MERaLiON-SpeechEncoder was pre-trained from scratch with a self-supervised learning approach using a **BERT-based speech pre-training with random-projection quantizer (BEST-RQ)** objective. Analogous to BERT's mask language modelling criterion for text, this entails predicting the correct discrete label from a codebook, over the masked frames of an input speech signal. MERaLiON-SpeechEncoder-v1 contains approximately 630M parameters.

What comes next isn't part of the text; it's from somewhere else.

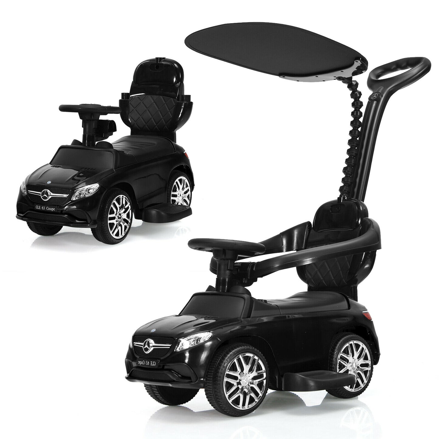 ? Adjustable Sun Canopy: Specially designed with a removable sun canopy, the push along car makes it a more comfortable environment for kids. On summer days, the canopy can reflect the sunlight while proving the shadow for more coolness. Besides, the adjustable structure enables you to 360° adjust the canopy.

The model takes in speech as input in the form of mel-spectrograms and returns compressed latent features which can then be passed to a task-specific downstream model, relevant to the user's application. Note that the model provided here is the base foundation model itself and the user has to fine-tune the model with task-specific data for a complete inference pipeline. We provide some examples below to get one started.

## Capabilities

We have evaluated the MERaLiON-SpeechEncoder extensively on several speech recognition datasets, and fine-tuned the model on ten different tasks encompassing the [SUPERB](https://superbbenchmark.org/) benchmark: `automatic speech recognition` (ASR), `automatic phoneme recognition` (PR), `keyword spotting` (KS), `query by example spoken term detection` (QbE), `intent classification` (IC), `slot filling` (SF), `speaker identification` (SID), `automatic speaker verification` (ASV), `speaker diarization` (SD), and `emotion recognition` (ER). Our evaluation demonstrates improvements to spontaneous and Singapore speech benchmarks for speech recognition, while remaining competitive to other state-of-the-art speech encoders such as WavLM and HuBERT across SUPERB tasks.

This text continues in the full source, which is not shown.